Gestik

Trotz Zahnbruch konjunktivlos

Unter dem Kopf ein Hals, der nicht vollzukriegen. Unter der Jacke ein Frost, der nicht flieht. Und unter den Zehen Nägel, eimerweise. Da hilft es den übergewichtigen Kehlkopf in den Nacken zu schmiegen, den Blick gen Baumwipfel zu richten und die CO2-Produktion zu verdoppeln. Minutenlang nach Kräften, bis der Himmel algenverhangen das Handtuch schmeißt und hinter der nächstgelegenen Kastanie in Deckung geht. Dann erst jubeln. Radebrechen. Schließlich: allumfassend lächeln.

Eine konjunktivlose Szene schreibend eine Ankunft erfinden, ausfindig machen jenseits aller Kurvendiskussionen, endlich einmal hemmungslos emotional, bauchnabelzentriert. Dasein. Wohlfühlen. Ja, das ist zu viel verlangt, bei Weitem, gar dreist! Aber immerhin: authentisch.

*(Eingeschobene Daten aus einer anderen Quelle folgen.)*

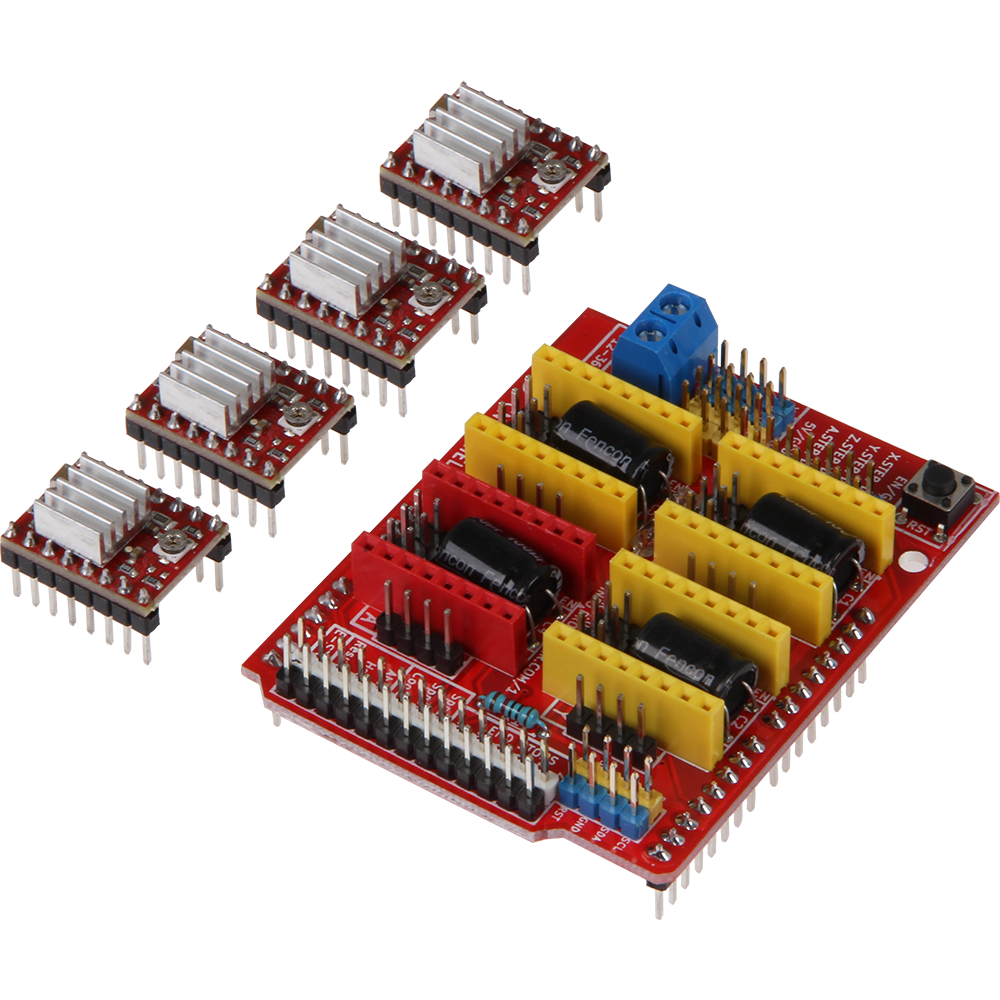 With this Controllerboard, which is designed for use with Arduino Uno or an Arduino Uno-compatible board you can install your costumized CNC milling machine. It can be operated from 12 to 36 Volt as required and can control up to 4 axes with the supplied A4988 motor drivers easily, as it is a 100% compatible to GRBL.

Gefüllt dabei bis zur letzten Sekunde die 86400 des Tages: Ewig lockt der Müßiggang und die Seele räuspert sich Pusteln schlagend. Die Buchhaltung klagt, die Kostenrechnung bliebe auf der Strecke, Effizienz würde vermisst und obendrein stünde der Beweis eines Alleinstellungsmerkmals noch aus.

Wirksamen Trost in Einzeldosen diskret verpackt hinter dem Ohr zu tragen empfiehlt sich nahezu rund um die Uhr. Regelmäßiges Atmen nicht vergessen, möglichst synchron beide Nasenlöcher zu 50% beteiligen. Und das Träumen auf ein Minimum reduzieren, auf dass nächtliche Schweißabsonderungen der Vergangenheit angehören. Prioritäten setzen, Rastplätze aufstöbern und bei jeder, wirklich jeder Gelegenheit, Nase und Lippen frei rubbeln, die Wimpern hoch stülpen und das Kinn trotz sichtbar keimendem Pickel Richtung Horizont strecken.

Gesuche

Händeringende Ortsbegehung

„Tatort – live erleben. Wie geht es in ihrem Leben weiter?“ lese ich und fühle mich sofort angesprochen. Mein Leben als Tatort und ich mittendrin. Ein wenig Action, ein wenig mehr gar an Spannung, einen Hauch Tragik und mindestens zwei Helden, als Team vereint. Und stehe da in meinem Kleid, noch verlorener als in Hosen schon und bereits ehe der Vorspann samt Titelmedley ausliefe – zwischen den Augen hindurch ins Hirn – wieder längst in verblassten Marginalien versunken, weit über das Knie, nicht ganz bis zur Hüfte.

Kartoffellastig die Küche der letzten Woche, Make-up-träge die Haut über meinen asymmetrischen Wangenknochen spätestens gen Wochenende. An den Hüften die erst letzte Nacht liebgewonnen Spuren des mehrtägigen Besuchs bei Amanda – zwei Frühstücksbrunchs ohne abschließendes Vaterunser und viereinhalbmal schlesische Hausmannskost. Dein Fingerballen zitterte bei der Erstbegegnung mit eben jenen Bögen nur leicht, später dann bei der weitflächigeren Begehung der Oberflächen aber schon aller Hand: Tremolo.

Kaspisches Rokoko lispelst Du da gerade und beatmest meine Hüfthäute Silbe für Silbe mit hochprozentiger Luft-Wasser-Dispersion. Ich pfeife entgegen jeder Gewohnheit und wie unter Zwang erstmalig bewusst aufs Ökosiegel und konzentriere mich an seiner Statt auf das sukzessive Erröten meiner Schulterblätter. Die mir eigene Links-Rechts-Schwäche, Erbe bis dato unbekannt gebliebener Ahnen, zelebriert ihre Sturheit in einem Maße, das mich auf beidseitig synchron verlaufende Farbintensivierung bestehen lässt, meinen Brustkorb, entsprechend unlängst in meinem exklusiven Beisein verkündeter assistenzärztlicher Anweisungen, offen getragen.